Run the routing engine yourself and confirm that every safety property the paper proves about it holds at runtime, on a fixed-seed synthetic cohort.

License Python Reproducible

Overview

Clinical decision support has to make a hard trade-off on every recommendation: spend more time checking an action and the system stays safe but slow; skip the checks and it becomes fast but unaccountable. A single fixed verification pipeline forces the same cost on a routine vitals lookup and a high-risk medication change alike. ORASR treats that trade-off as a routing problem instead of a fixed cost.

The engine reads a risk score for each requested action and sends it down one of three lanes. Low-risk actions take a short path with a single precondition check; mid-risk actions add risk and constraint gates; high-risk actions run the full gate sequence and require human approval before anything executes. The gate sets are nested by design, so a higher-risk action always passes through a strict superset of the checks applied to a lower-risk one, and a failed gate stops the action rather than letting it slip through.

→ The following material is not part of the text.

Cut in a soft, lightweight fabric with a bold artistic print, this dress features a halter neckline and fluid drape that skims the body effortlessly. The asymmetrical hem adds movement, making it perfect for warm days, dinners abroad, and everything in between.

This repository holds the routing engine, its gates and constraints, and a deterministic driver that exercises the published structural guarantees against the actual code. It is the reproducibility companion to the manuscript, not a re-implementation of the clinical study: the parts that depend on private data or on an external baseline are documented as gaps rather than silently regenerated.

Key results

All numbers below come from scripts/run_all.py at seed 42 and match the committed files in results/.

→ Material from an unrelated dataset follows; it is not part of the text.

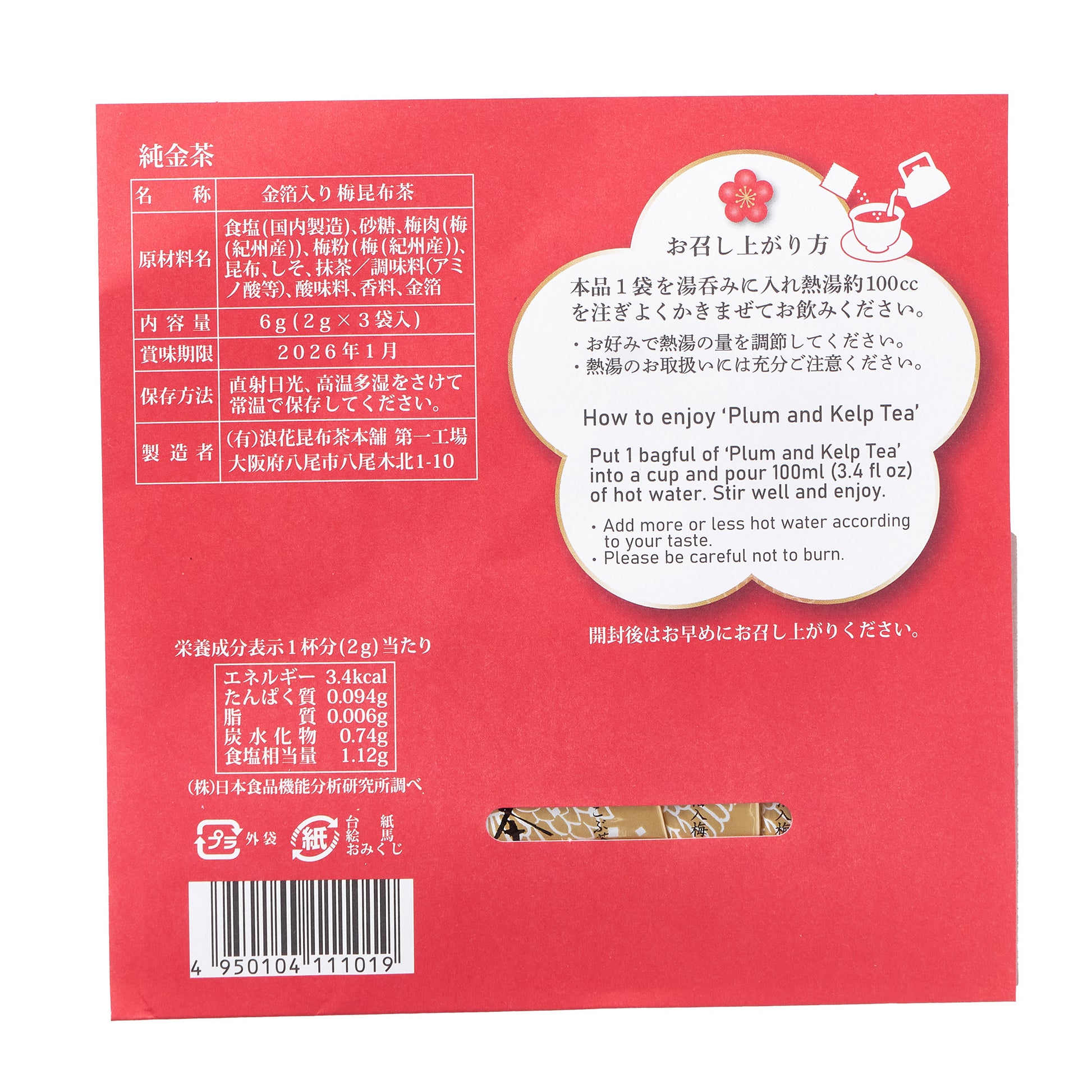 This New Year Plum Kelp Tea is a relaxing blend of plum and kelp, with delicate gold leaves infused for a touch of elegance.

  • The three-lane partition is exact at the published cut points: risk below 0.30 routes to FAST, the 0.30–0.70 band routes to NORMAL, and 0.70 and above routes to SAFE (structural_verification.json, partition_correct = true).
  • Gate counts are 1 / 3 / 4 for FAST / NORMAL / SAFE and form a strict inclusion chain, so risk-proportionate coverage holds by construction rather than by tuning.
  • A failed precondition gate marks the route unsafe and the wrapped action never runs (non_bypass_holds = true) — the non-bypass property the paper states as a theorem.
  • Routing a stratified 10,000-scenario cohort (3,500 / 4,500 / 2,000) reproduces the 35 / 45 / 20 percent pathway distribution exactly every time.
  • On a clean, well-formed cohort the gate pass rate is 100 percent. The manuscript's 98.7 percent figure and the 130-block breakdown come from an injected-failure mix that is not committed here; we report the honest clean-cohort number rather than tuning the code to match the paper (see results/gaps.json).

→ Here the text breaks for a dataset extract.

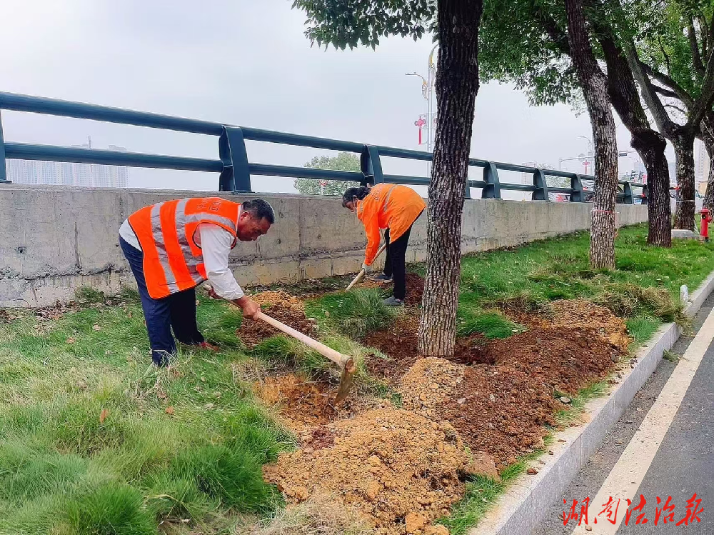 湖南法治报讯(通讯员 唐麒贸 邓珂芸)近日,冷水滩区湘江西路迎来了一场特殊的园林“手术”。区环卫和园林中心在凤凰园交警大队的安全保障下,对湘江西路与德源路交汇处的25株大樟树展开了一场全面的复壮救护与安全隐患整治行动。这不仅是简单的园林养护,更是冷水滩区在推进城市更新中,践行精细化管理、守护城市文脉、提升城市“首位度”的生动实践。

Two manuscript results are deliberately not reproduced by this code: the MIMIC-IV retrospective corpus (8,412 actions; 58.1 / 31.5 / 10.4 percent distribution) and the flat-monitor latency baseline (the 84–86 percent reduction and 7.3x throughput claims). Neither the clinical extraction nor the baseline implementation is committed. Latencies are measured on the host that runs the driver and are environment-specific; the paper's literal values (2.3 / 45.2 / 287.5 ms) are not copied into the repository.

Repository structure

src/orasr/        routing engine — router, pathways, gates, constraints, reasoning trace, constants
scripts/          run_all.py (reproducibility driver), generate_figures.py, demo.py, gate_demo.py
results/          machine-readable artifacts written by run_all.py (JSON + CSV), including gaps.json
figures/          pathway architecture and risk-band figures (PNG + PDF) plus the QA contact sheet
tests/            router behaviour and reproducibility checks
notebooks/        quickstart and advanced-workflow walkthroughs
FIGURE_MANIFEST.csv   curated figure inventory used as manuscript evidence

Installation

git clone https://github.com/ChatchaiTritham/ORASR.git
cd ORASR
python -m venv .venv && source .venv/bin/activate   # Windows: .venv\Scripts\activate
pip install -e .
pip install -r requirements.txt

Reproducing the results

python scripts/run_all.py        # fixed seed 42; finishes in well under a minute on a laptop

The driver writes structural_verification.json, synthetic_cohort.json, gaps.json, pathway_distribution.csv, and threshold_bands.csv to results/. Everything scientific — the threshold partition, the gate-inclusion chain, the non-bypass check, the 35 / 45 / 20 distribution, and the clean-cohort pass rate — is deterministic and comes out identical on every run with the same seed. The only values that change between machines are the wall-clock latencies, which the driver records inside an explicit environment block and labels as host-specific. Re-running on a different computer will therefore reproduce all reported metrics except those latencies.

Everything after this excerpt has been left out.